§ **What this task involves**
Reproduce, exactly and only, the lines of the data that follows from the one containing "Bremermann - Cassetto" down to the one containing "SKS offers smooth", without pictures.

══ Material shown ══

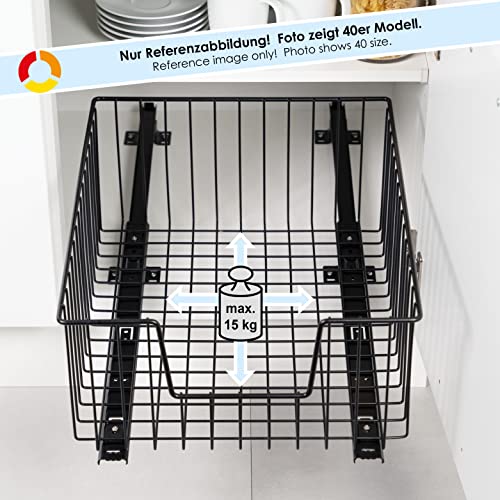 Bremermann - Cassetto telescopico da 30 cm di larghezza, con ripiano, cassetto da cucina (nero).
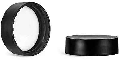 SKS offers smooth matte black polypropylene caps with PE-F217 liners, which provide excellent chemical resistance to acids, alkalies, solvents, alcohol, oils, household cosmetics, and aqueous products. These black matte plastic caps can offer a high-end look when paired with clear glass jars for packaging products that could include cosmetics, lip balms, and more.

═══
══ Material shown ══

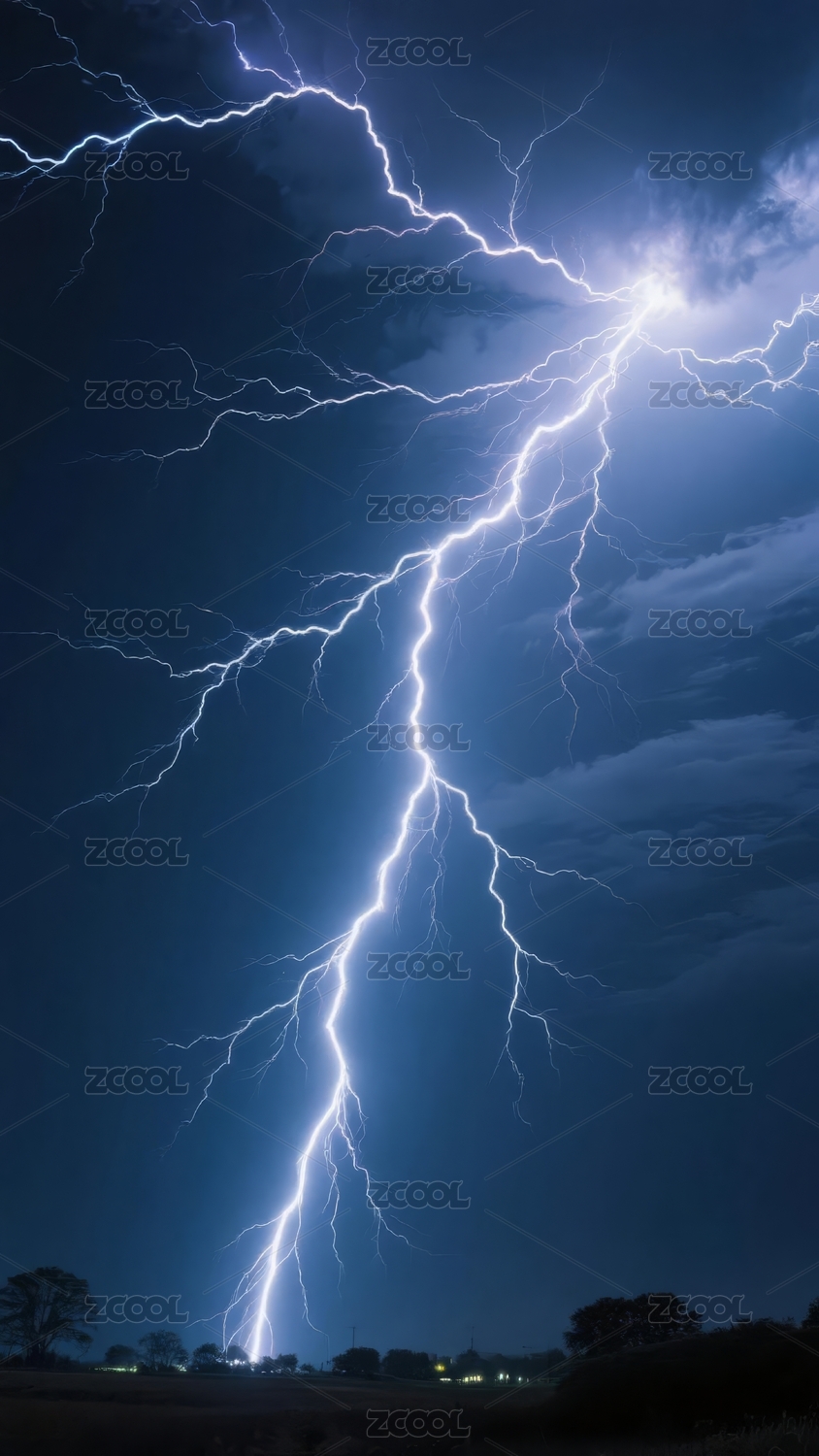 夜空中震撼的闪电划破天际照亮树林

═══
══ Material shown ══

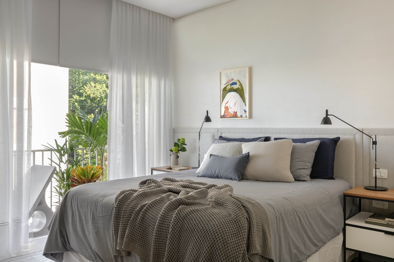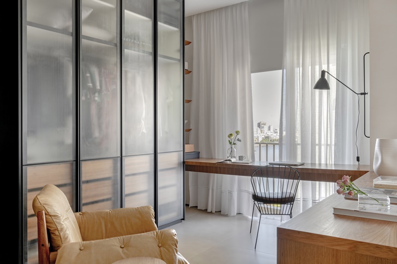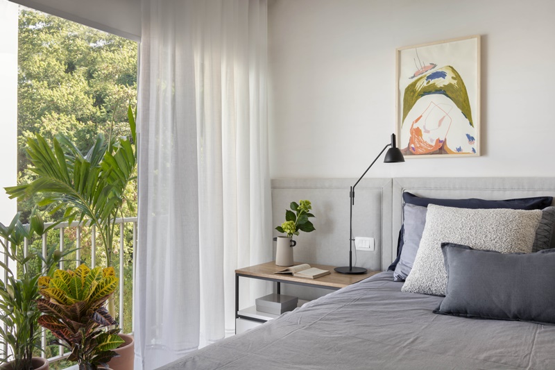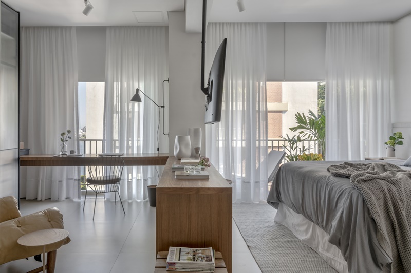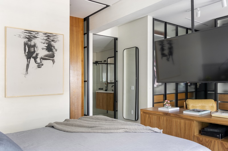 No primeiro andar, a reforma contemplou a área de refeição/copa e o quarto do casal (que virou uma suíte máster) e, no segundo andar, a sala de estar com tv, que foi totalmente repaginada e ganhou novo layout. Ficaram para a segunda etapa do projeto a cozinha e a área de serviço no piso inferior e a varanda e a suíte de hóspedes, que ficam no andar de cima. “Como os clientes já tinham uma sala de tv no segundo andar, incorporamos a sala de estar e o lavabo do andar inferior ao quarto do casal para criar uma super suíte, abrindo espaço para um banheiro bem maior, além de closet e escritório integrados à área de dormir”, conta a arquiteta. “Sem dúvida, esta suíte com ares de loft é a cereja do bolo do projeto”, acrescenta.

═══

§ **Response to the task**
 Bremermann - Cassetto telescopico da 30 cm di larghezza, con ripiano, cassetto da cucina (nero).
 SKS offers smooth matte black polypropylene caps with PE-F217 liners, which provide excellent chemical resistance to acids, alkalies, solvents, alcohol, oils, household cosmetics, and aqueous products. These black matte plastic caps can offer a high-end look when paired with clear glass jars for packaging products that could include cosmetics, lip balms, and more.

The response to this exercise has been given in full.